Preparation method of mirabegron (by machine translation)
-
, (2020/08/02)
The method is convenient to operate, controllable in reaction process, high in 2 - final product purity,4 - high in yield and suitable for industrial production, so that a more valuable synthesis route is provided for preparing mirabead, good social benefits and economic benefits can be brought, and the economic value potential is great. (by machine translation)

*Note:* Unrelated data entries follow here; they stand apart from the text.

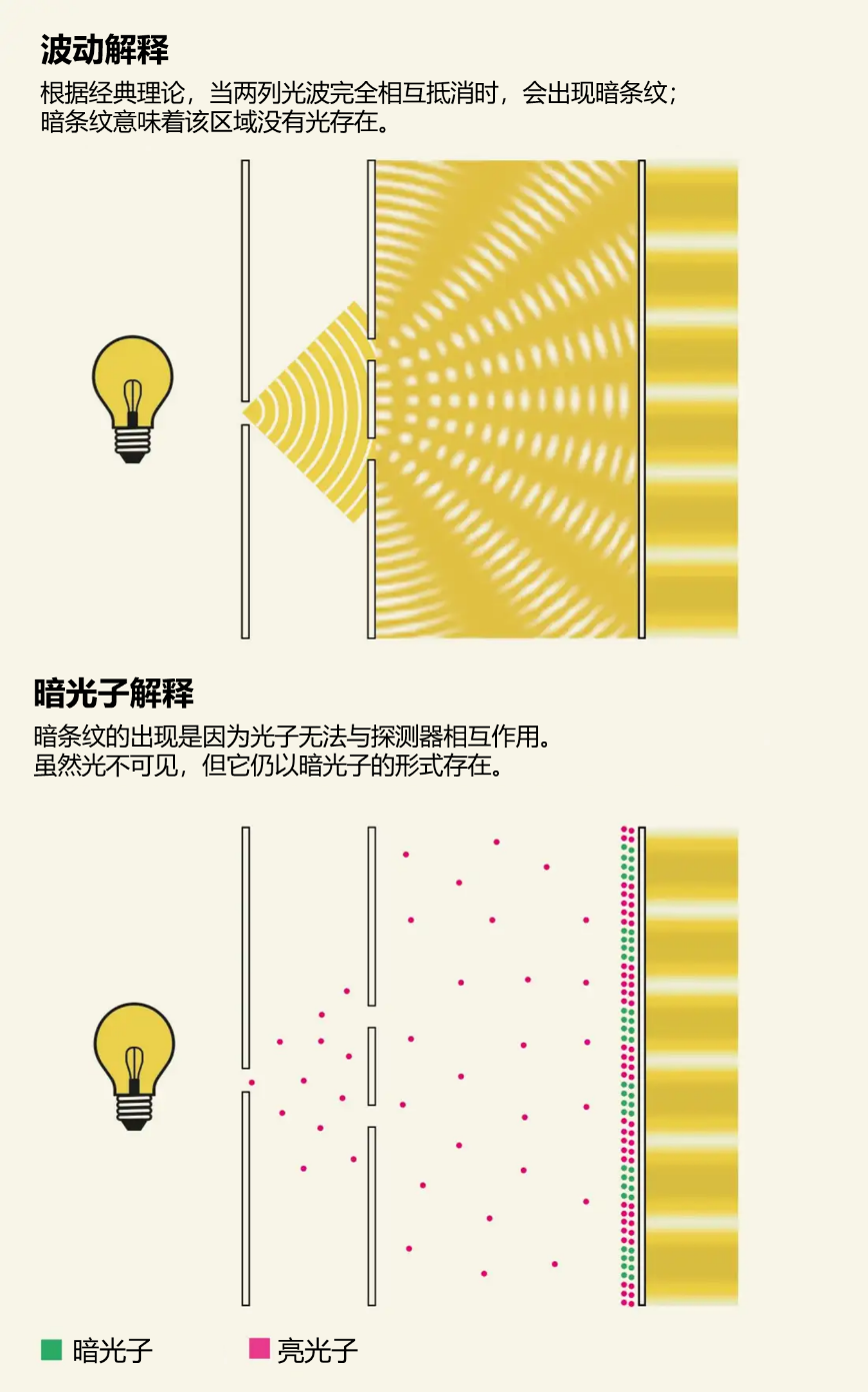 原因在于,通过狭缝的光子会在特定位置进入“暗态”(dark states),处于这种量子态下的光子无法与其他粒子相互作用,因而不会在屏幕上留下光斑。换言之,暗条纹并不代表光子(或者说光)不存在,而是部分光子具有规避探测的量子特性的体现。
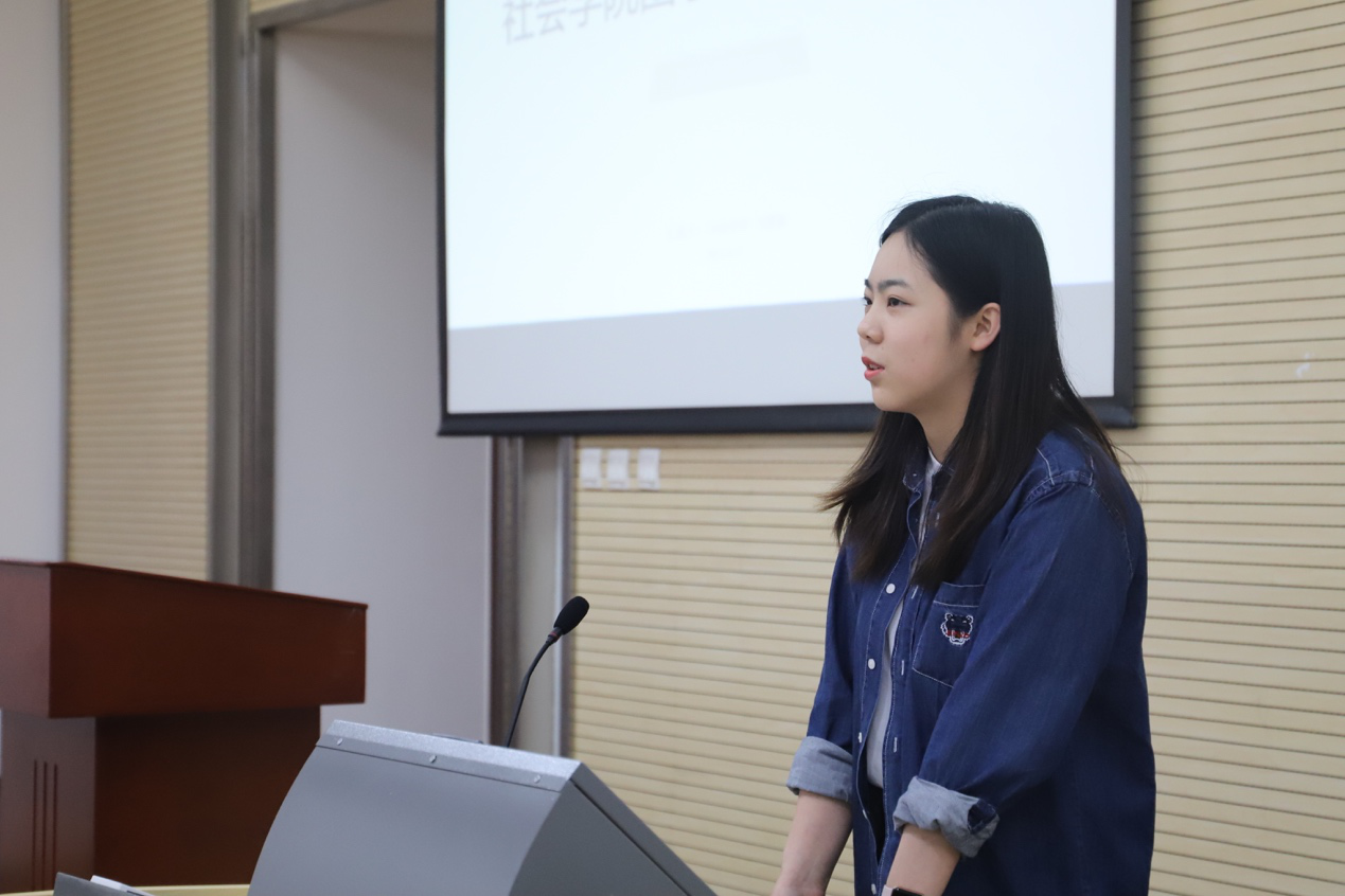 社会学社负责人苏思颖同学首先表达了对社会学社在过去的工作成果的赞扬。她在发言中提到,社会学社已经发生了很大的变化,社会学社不仅实现了与信息中心的合作,曾经的提案与策划也逐渐得到实施。同时,苏思颖同学还提到,因为疫情延迟的社刊创办以及读书会将会陆续开展和恢复。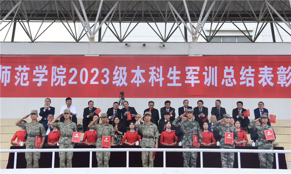 淮师新闻网9月28日电(记者 谷雷 冉悦悦 孟芊雅)9月27日下午,必赢nn6992023级本科生军训总结表彰大会在长江路校区田径场举行。校党委书记尚洪波,校长赵宜江,中国人民解放军某部队副政委于录,党委副书记韩同友,副校长闫超栋、赵祥祥、张言彩,军训承训全体教官,军训工作领导小组成员,2023级全体新生、辅导员和班主任参加大会。大会由副校长、校军训工作领导小组组长闫超栋主持。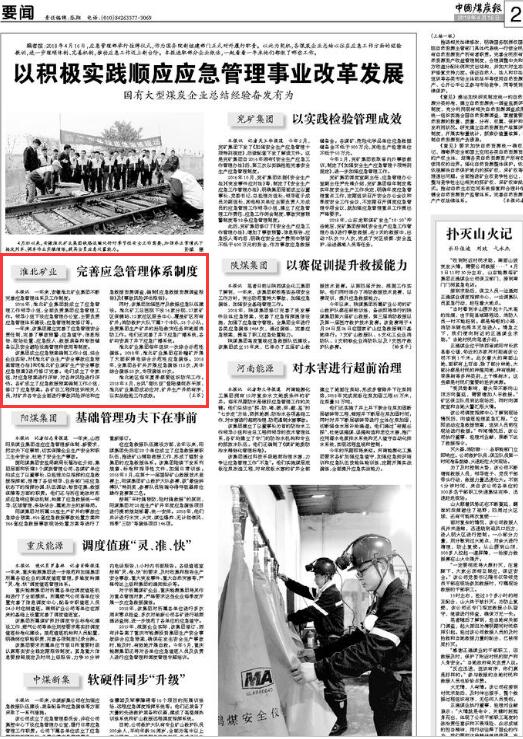 在孙疃矿开展了大面积掉电综合示范性应急演练。2018年,全集团各矿共开展应急演练112次,其中综合演练23次,专项演练89次。

Preparation method of mirabegron
-
, (2019/04/30)
The invention discloses a preparation method of mirabegron, and the method comprises: S1, carrying out reduction reaction on p-nitrophenylacetonitrile to obtain p-nitrophenylacetaldehyde; S2, carryingout condensation reduction on the p-nitrophenylacetaldehyde and (R) 2-amino-1-phenethyl alcohol to obtain (R) 2-(4-nitrophenethyl) amino)-1-phenyl ethyl alcohol; S3, carrying out reduction on the (R)2-amino-1-phenethyl alcohol to obtain (R) 2-(4-nitrophenethyl) amino)-1-phenyl ethyl alcohol to obtain an intermediate (R) 2-((4-aminophenyl ethyl) amino)-1-phenyl ethyl alcohol; and S4, carrying outcondensation on the (R) 2-((4-aminophenyl ethyl) amino)-1-phenyl ethyl alcohol and aminothiazole acetic acid to obtain the mirabegron. According to the method, the starting raw materials are cheap and easy to obtain, the reaction conditions are controllable, the synthetic route steps are few, the yield is high, the cost is low, and the prepared mirabegron is high in purity.